To test if the GAG loss associated with perlecan deficiency accounts for the functional differences in Hypo primary cells compared with WT, exogenous heparin (Sigma-Aldrich), which is similar to the heparan sulfate GAG side chains of perlecan, were added in a culture medium [24,25]. Mineralization and osteoclastogenesis assays were performed as above, except that progenitor cells were cultured with/without heparin (20 or 200 µg/mL). Multi-nucleated osteoclasts were counted in wells and bone chips.
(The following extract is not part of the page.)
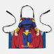 Great color and even though I ordered the kid size, it covers well enough to use during the holidays. I am not a big woman and prefer a shorter apron. I stand 5"6" and the length of the garment goes to mid-thigh. The tie straps fit well at my waist and even though there is no neck strap adjustment, the opening is plenty big enough. I am happy with the size and fit. I am sharing my apron with my 10 year old grandson, too! The color is vibrant and looks good, as shown on the website. The stitching looks strong and reinforced. Photographed is front side and back side of the apron, reinforced straps and coloring. My phone camera may not be the best at showing the details.

To assess the effect of heparin on mineralization potential of MSCs, mineralization was quantified by extracting the monolayer cells with 10% (w/v) cetylpyridinium chloride and reading the absorbance at 570 nm with a plate reader [26]. Three independent repeats were performed per dose per genotype.

2.3. Skeletal Responses of Perlecan-Deficient Mice to Disuse and Re-Ambulation

2.3.1. Hindlimb Suspension

Animals

Nineteen-week-old males (WT/Hypo: n = 10/8 mice) were subjected to three weeks of hindlimb suspension (HLS), following an established protocol [27]. In brief, hindlimbs were elevated using tape attached to the animal’s tail to produce a 30 degrees head-down tilt, which resulted in a cephalad fluid shift and avoided weight bearing by the hindquarters. Animals had free access of food and water in the specially designed cages. Age-matched male mice (WT/Hypo: n = 7/4 mice) with free ambulation in the cage served as ground control (GND). Body weight was measured weekly to monitor stress level. Mice with 15% loss of body weight (indication of excess stress) would be removed from the study.

Longitudinal In Vivo μCT Scanning

Temporal changes of trabecular bone structure at the distal femoral metaphysis were monitored using in vivo μCT imaging. One day prior to HLS, mice underwent a baseline scanning (Week 0) under isoflurane inhalation (vivaCT40, Scanco) as described above. At the conclusion of the three-week HLS, a second scan (Week 3) was taken before sacrifice. The trabecular bone parameters were compared between the two time points for the same animal, followed by the comparisons of percentage changes between the two time points ((Week 3-Week 0)/Week 0, %) among the four experimental groups (WT-GND, WT-HLS, Hypo-GND, Hypo-HLS).

Transcript Levels and RT-qPCR

Markers indicating the phenotype of osteoblasts [Alpl (aka Alp), Spp1 (aka Opn)], osteoclasts [Tnfrsf11b (aka Opg), Tnfsf11 (aka Rankl)], and osteocytes (Sost) were assessed by RT-qPCR as reported in our previous study [28]. Three animals per group were analyzed with Gapdh as the housekeeping gene. Tibiae were rapidly dissected after sacrifice, flash-frozen in liquid nitrogen, and stored in −80 °C. Whole bone samples were processed to shorten the harvesting time to ensure high quality of the RNA samples. Total RNA was isolated using the TRIzol^®® Reagent (Thermo Fisher Scientific, MA, USA) and RNeasy^®® Mini kit (Qiagen, CA, USA) following the manufacturers’ instructions. Samples were examined spectrophotometrically (NanoDrop Technologies, Wilmington, DE, USA), and the 260/280 absorbance ratios (1.9–2.2) indicated high quality. Nucleic acid extracts were treated to remove any genomic DNA contamination using the TURBO DNA-Free™ kit (Ambion, Thermo Fisher Scientific), and stored in −80 °C prior to the RT-qPCR analysis. All qPCR experiments were performed using Power SYBR^®® Green PCR Master Mix (Applied Biosystems, Thermo Fisher Scientific) on an Applied Biosystems Quantstudio 3 machine. Primers were custom ordered as oligonucleotides (Invitrogen). Forward and reverse sequences are listed in the Supplemental Materials (Table S1). Transcript levels relative to the housekeeping gene product (Gapdh) were first calculated as the differential cycle threshold values (ΔCt) for each sample, and the fold-changes (FC) were calculated using the 2^−ΔΔCt method to separately assess the effects of hindlimb unloading (HLS vs. GND) and genotype (Hypo vs. WT).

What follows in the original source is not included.